Module Responsibility
disko.nix GPT partition table — BIOS: 1 MB EF02 + ext4 root; EFI: 512 MB vfat /boot + ext4 root
hardware.nix QEMU guest profile, virtio drivers, GRUB or systemd-boot based on boot.mode
system.nix Hostname, timezone, locale, SSH hardening, firewall, Nix flakes, Docker, Tailscale, swap, default packages
users.nix Creates system users with shell, groups, and SSH keys from [[users]] config
openclaw.nix Configures OpenClaw via home-manager, creates a wrapper script that injects sops secrets as env vars, runs as a systemd service
dev-tools.nix Per-user home-manager config: git + delta, mcfly, direnv, fzf, htop, tmux
tmux-config.nix Ctrl-A prefix, vi mode, vim-aware pane navigation, GitHub dark theme, session persistence

Default System Packages

Every box ships with: curl, wget, htop, procps, git, vim, direnv, ripgrep, fd, unzip, gcc, gnumake, cmake, pkg-config, python3, nodejs_22 — plus anything in your packages list.

Troubleshooting

Build fails on macOS Set up a local Linux builder (e.g.

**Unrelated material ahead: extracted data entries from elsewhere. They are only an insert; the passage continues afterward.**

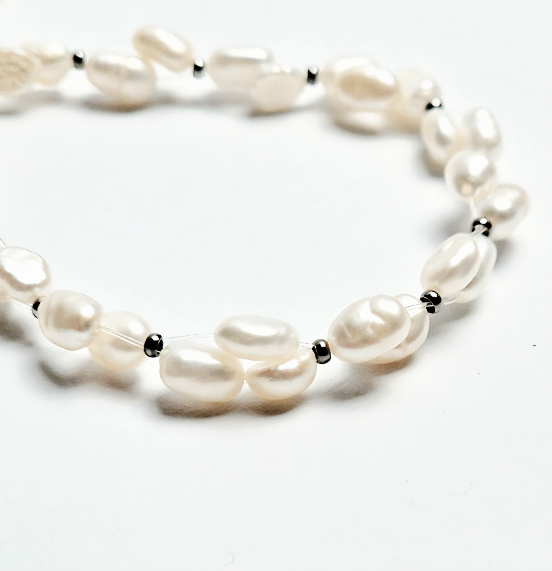 Laat je verleiden door de natuurlijke elegantie van deze handgemaakte ketting met echte zoetwaterparels (Ø 5 mm). De parels worden subtiel afgewisseld met kleine metalen accenten voor een moderne, verfijnde uitstraling. Met een lengte van 42 cm + 7 cm verlenging past de ketting perfect rond de hals – draag haar solo voor een klassieke look of combineer met andere kettingen voor een stijlvolle, gelaagde combinatie.
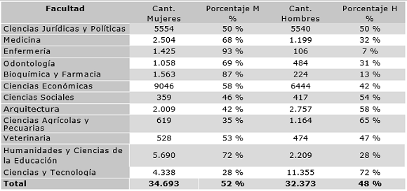 No obstante, si se realiza un análisis diferenciado la población estudiantil de la Facultad de Ciencias y por áreas de estudio se puede apreciar que existe Tecnología, con una representación del 28 % frente una clara segregación de carreras universitarias por a un 72 % de población estudiantil masculina, como sexo en las distintas facultades, nuevamente con se observa en la tabla 1: una considerable desventaja para las mujeres entre la población estudiantil de la Facultad de Ciencias y Tecnología, con una representación del 28 % frente a un 72 % de población estudiantil masculina, como se observa en la tabla 1:
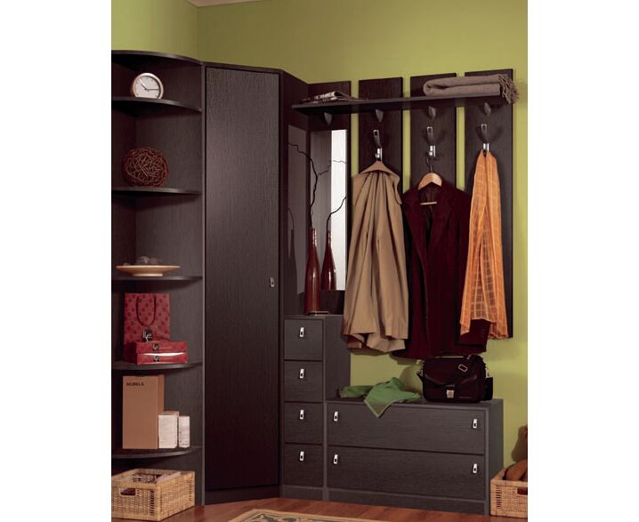 Шкаф угловой 1 со стационарной штангой. Такой шкаф позволит задействовать с пользой углы прихожей.
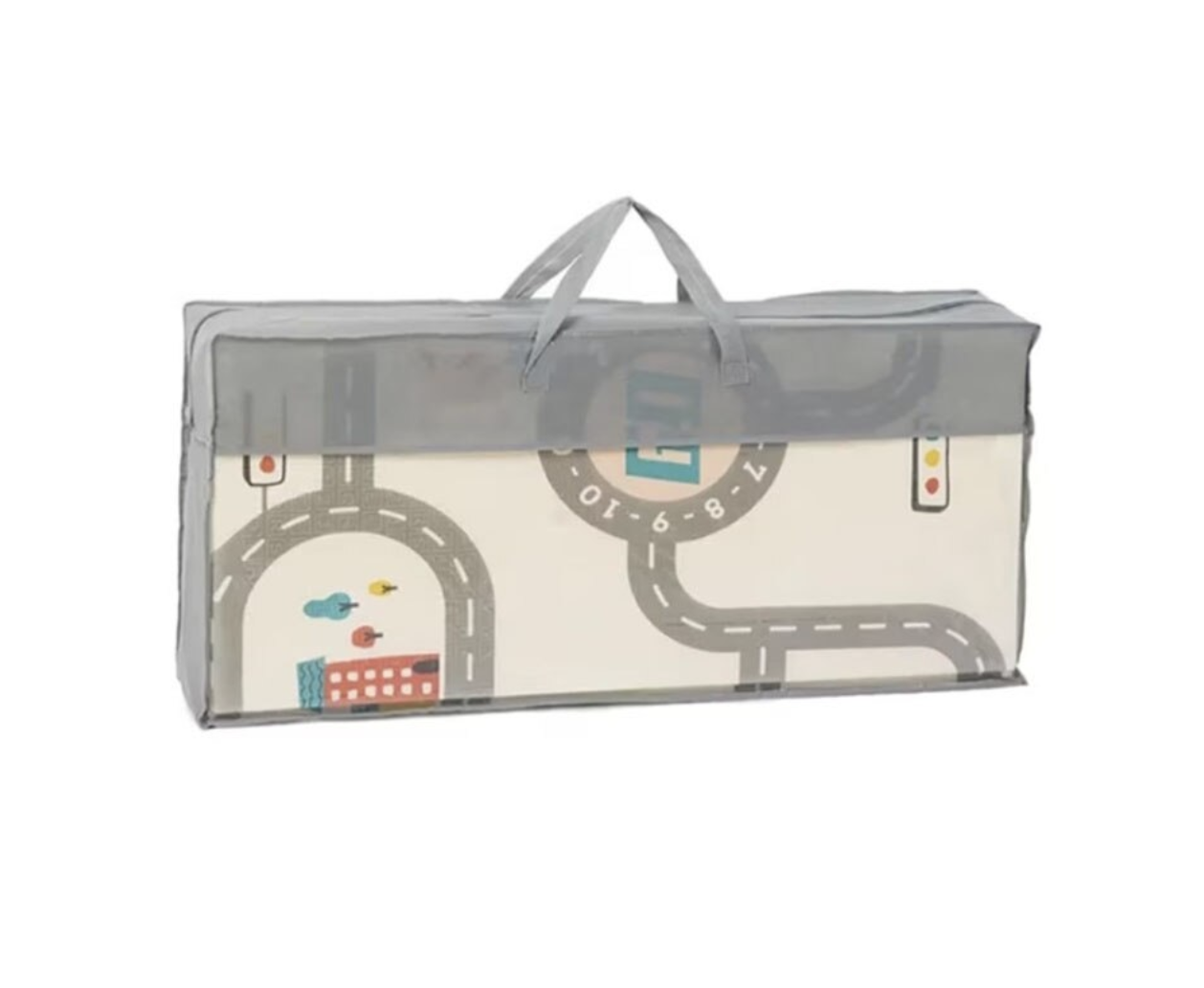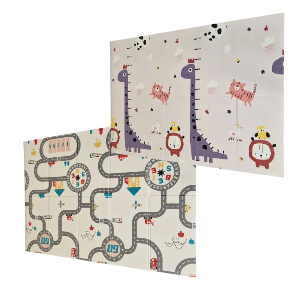 Covor bebe pliabil, gros, termoizolant, cu 2 fete, Circuit Trafic si Dinozauri, 200 x 180 x 1 cm

OrbStack, nix-darwin linux-builder, or Docker) so nix can build x86_64-linux derivations locally. Alternatively, use a remote build host: ./deploy.sh <ip> mybox user@linux-host

VM gets a different IP after kexec nixos-anywhere kexecs into an installer that may get a new DHCP lease. Use --phases disko,install,reboot if you're already in the kexec environment.

GRUB not installing For BIOS boot with GPT, ensure boot.mode = "bios" in your TOML — this creates the required EF02 partition.

Nix can't find box.toml Flakes only see git-tracked files. Run git add -f boxes/<name>/ to stage your box.